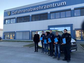 Mit Bastian Wenske, Danny Helbig, Philipp Bischoff und Max Hoffmann haben vier engagierte Helfer die bayerische „Fluthelfer-Nadel 2024“ erhalten. Kay Tischer, Hauptamtlicher Beigeordneter des Ilm-Kreises, übergab die Nadeln dieser Tage an die ehrenamtlichen Kräfte, die im Juni 2024 in Bayern in den betroffenen Gebieten im Einsatz waren und in Dönau-Wörth und Günzburg wichtige Koordinierungsaufgaben der Hilfskräfte übernahmen. Unterstützt wurden sie dabei vor Ort in Bayern von Sebastian Arnold, Leiter des Amtes für Brand- und Katastrophenschutz des Ilm-Kreises.
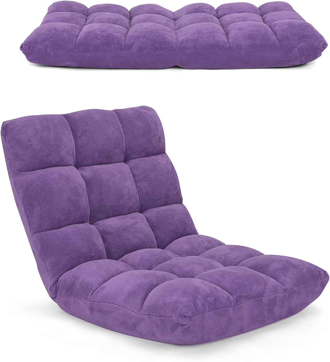 Description: This floor chair is perfect for playing games, reading books, watching TV or resting. It can be used as a chair or bed. With the durable and sturdy iron frame, the back can be easily adjusted to 90 degree from flat to upright and withstands weight up to 200Lbs. Features: Adjust into 14 different positions from 90 to 180 degree High quality chopped memory foam and soft plush fabric Can be used as a chair, a couch or a bed Suitable for playing games, watching TV, reading or meditate Lay the chair completely flat to store under your bed or tall couch It is lightweight and easy to carry Delivered fully assembled Specification: Flat position dimensions: 41.5 in x 22 in x 6 in (L x W x H) 90 degree position dimensions: 26.5 in x 22 in x 22 in (L x W x H) Adjustable angle: 90 - 180 degree Net weight: 13.5 lbs Weight capacity of back: 200lbs Package include: 1 x Floor Chair
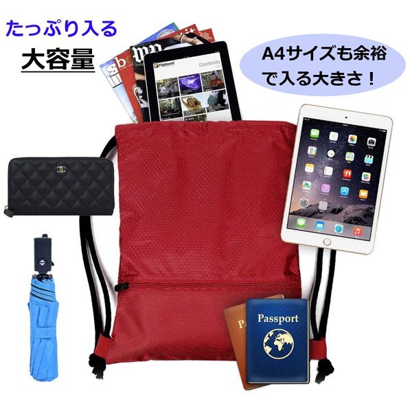 ・巾着袋タイプのナップサックです。A4サイズのノートもゆっくり入るほか、スポーツバッグとして着替えやスポーツ用品の持ち運びにもピッタリな大容量!大きく開く間口で物の出し入れがスムーズで、サッと背負える手軽なリュックです。
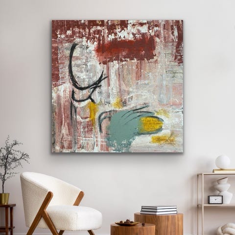 Abstrakt maleri med figurative elementer, domineret af røde og blå farver. Maleriet har en dynamisk komposition med tekstur og kontrast mellem farverne.
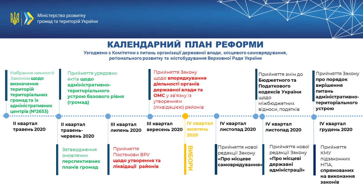 2020 рік насичений завданнями реформи місцевого самоврядування та територіальної організації влади. За пів року Уряд затвердив перспективні плани формування територій спроможних громад 24 областей, визначив адмінцентри та затвердив території територіальних громад, направив на розгляд парламенту проект Постанови щодо утворення та ліквідації районів і законопроект щодо впорядкування діяльності органів державної влади та органів місцевого самоврядування у зв’язку з утворенням і ліквідацією районів. Це та частина правової основи реформи, яку парламенту необхідно встигнути розглянути до завершення поточної сесії (до середини липня). Далі – призначення чергових місцевих виборів на новій територіальній основі та їх проведення.
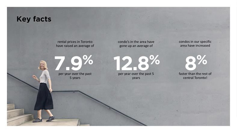 多伦多的租金价格在过去5年里每年平均提高了7.9% 该地区的公寓在过去5年里每年平均上涨了12.8% 在JAC周边的公寓在过去5年每年增加8%,比多伦多中心地区增长得更快。 临近各大学府和市中心办公楼,各大公园也是数步之遥。所以说JAC绝对是市中心楼花投资的首选!
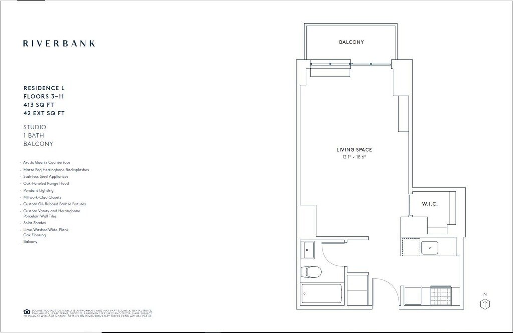 Apartment Model: L Line Floors 3-11 (Studio)Studio, 1 Bath, 413 sq ftAvailable Now![]()
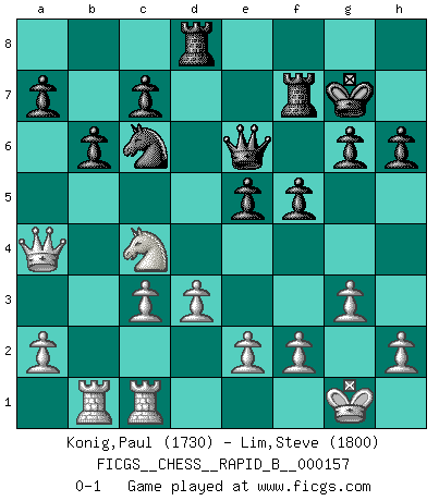 Last move : 0-1 2010 September 11 21:43:21 [Event "FICGS__CHESS__RAPID_B__000157"] [Site "FICGS"] [Date "2010.08.11"] [Round "1"] [White "Konig,Paul"] [Black "Lim,Steve"] [Result "0-1"] [WhiteElo "1730"] [BlackElo "1800"] 1.c4 e5 2.Nc3 Nf6 3.Nf3 Nc6 4.g3 d5 5.cxd5 Nxd5 6.Bg2 Nxc3 7.bxc3 Bc5 8.O-O O-O 9.d3 Re8 10.Rb1 Bb6 11.Qa4 h6 12.Nd2 Be6 13.Nc4 Bd5 14.Bh3 Be6 15.Bxe6 Rxe6 16.Qc2 Bc5 17.Be3 Bxe3 18.Nxe3 b6 19.Rfd1 Qd7 20.Qa4 Rd8 21.Re1 g6 22.Rec1 Kg7 23.Qa6 f5 24.Rd1 Re7 25.Nc4 Qe6 26.Qa4 Red7 27.Rdc1 Rf7 0-1 English Opening Kingside Castling by player White (move 8) Kingside Castling by player Black (move 8) Player Black won this chess game. Follow this game move after move (download)In Chess, as it is played by masters, chance is practically eliminated. (Emanuel Lasker) Aljechin war kein Nazi. Er war ein Opportunist. Ein schrecklicher Mann. Er liebte Geld über alles und würde für Geld ein Jude, ein Katolik oder ein Protestant werden. (Miguel Najdorf) Cuando veas una buena jugada, trata de encontrar otra mejor. (Emanuel Lasker) Le succès, c'est être capable d'aller d'échec en échec sans perdre son enthousiasme. (Winston Churchill) Art disturbs, science reassures. (Georges Braque, Le Jour et la Nuit)
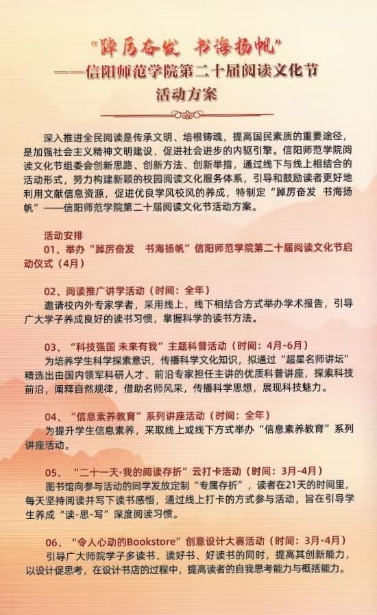 附信阳师范学院第二十届阅读文化节活动方案
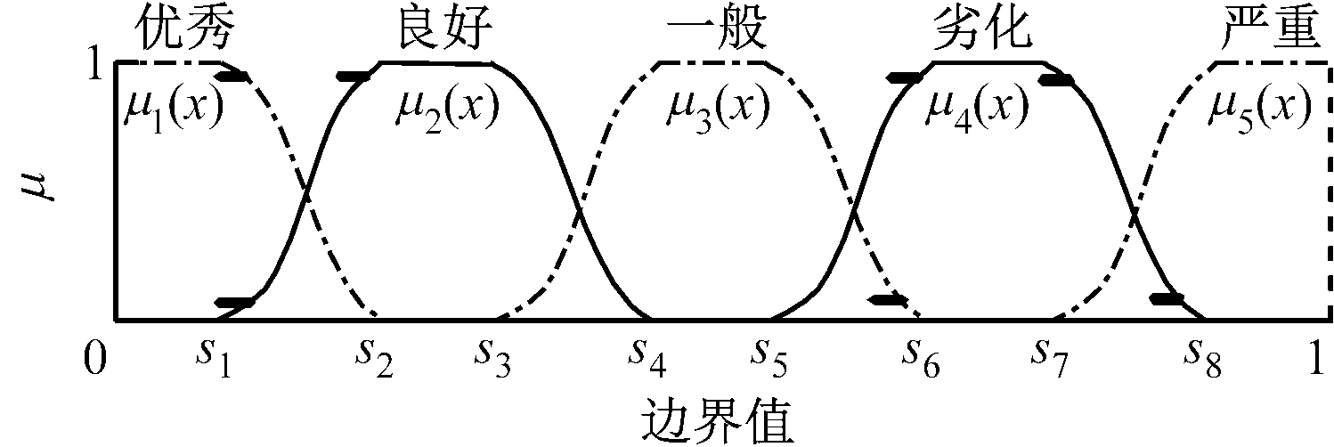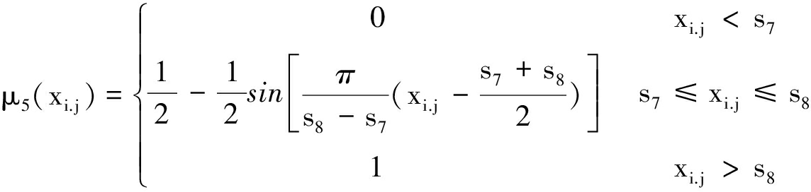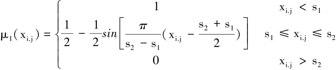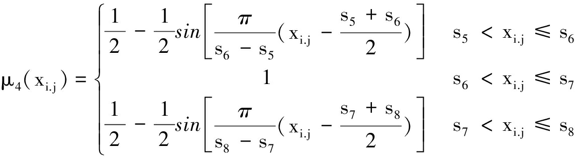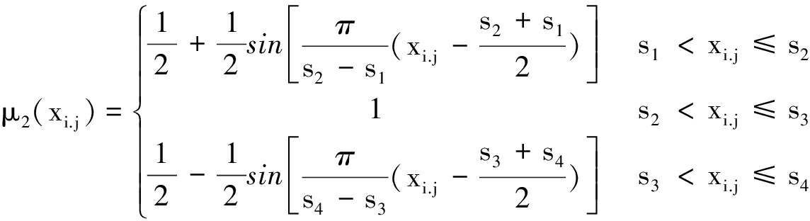 运用半梯形与半岭形相结合的隶属函数来表征模糊评估模型中的指标。隶属函数定义为
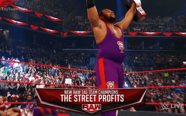 AOP and Murphy chased Owens leaving Rollins open to take a splash from Montez For. Now The Street Profits are the new Raw Tag Team Champions.
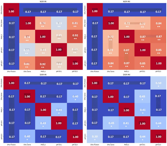 Background: Diminished ovarian reserve is characterized by a decrease in oocyte count and estrogen levels, which leads to infertility. The genetic and epigenetic mechanisms in MI to MII transition or complete MII phase in the oocyte maturation process estrogen receptor alpha and piRNA relationship were evaluated. Methods: This study analyzed 100 cumulus oophorous complex samples from normoresponder and DOR patients undergoing IVF, subdivided into metaphase I and metaphase II stages. To elucidate the ER-α, PIWIL3, piR-651, and piR-823 genes qRT-PCR was used and qualitative ER-α protein expressions were determined by immunohistochemistry. Pearson’s correlation analysis was utilized to evaluate the interactions between genes within each experimental group. Results: The DOR samples exhibited significant downregulation of ER-α gene and protein expression compared to the NOR controls. PIWIL3 gene, piR-651, and piR-823 expressions reduced in DOR MI and MII. Strong positive correlations among ER-α, PIWIL3, piR-651, and piR-823 were observed in NOR, whereas DOR showed weaker correlations and immunohistochemistry verified lower ER-α protein levels in DOR. Conclusions: The disruption of ER-α and piRNA-related gene networks in DOR may underlie the suboptimal maturation of oocytes, and monitoring ER-α, PIWIL3, piR-651, and piR-823 expressions could facilitate early determination of maturation stages and improve assessment of ovarian reserve. The potential for transposition to MII in NOR and DOR oocytes was observed in relation to the association between ER-α protein/gene expression and PIWIL3, which regulates ER-α. Moreover, piR-651 and piR-823, whose expressions depend on estrogen level, indirectly regulate oocyte maturation from MI to MII in both NOR and DOR epigenetically. We suggest that the MI and MII stages of oocytes could be determined earlier in NOR and DOR cases by controlling ER-α, PIWIL3, piR-651 and piR-823 expressions. These molecular markers indicate promise for diagnostic applications in reproductive medicine, warranting further validation in larger cohorts.

### Directions:
Output exactly those lines of the data above that run from the line with "附信阳师范学院第二十届阅读文化节活动方案" up to and including the line with "AOP and Murphy". No pictures go in.

### Result for this exercise:
 附信阳师范学院第二十届阅读文化节活动方案
 运用半梯形与半岭形相结合的隶属函数来表征模糊评估模型中的指标。隶属函数定义为
 AOP and Murphy chased Owens leaving Rollins open to take a splash from Montez For. Now The Street Profits are the new Raw Tag Team Champions.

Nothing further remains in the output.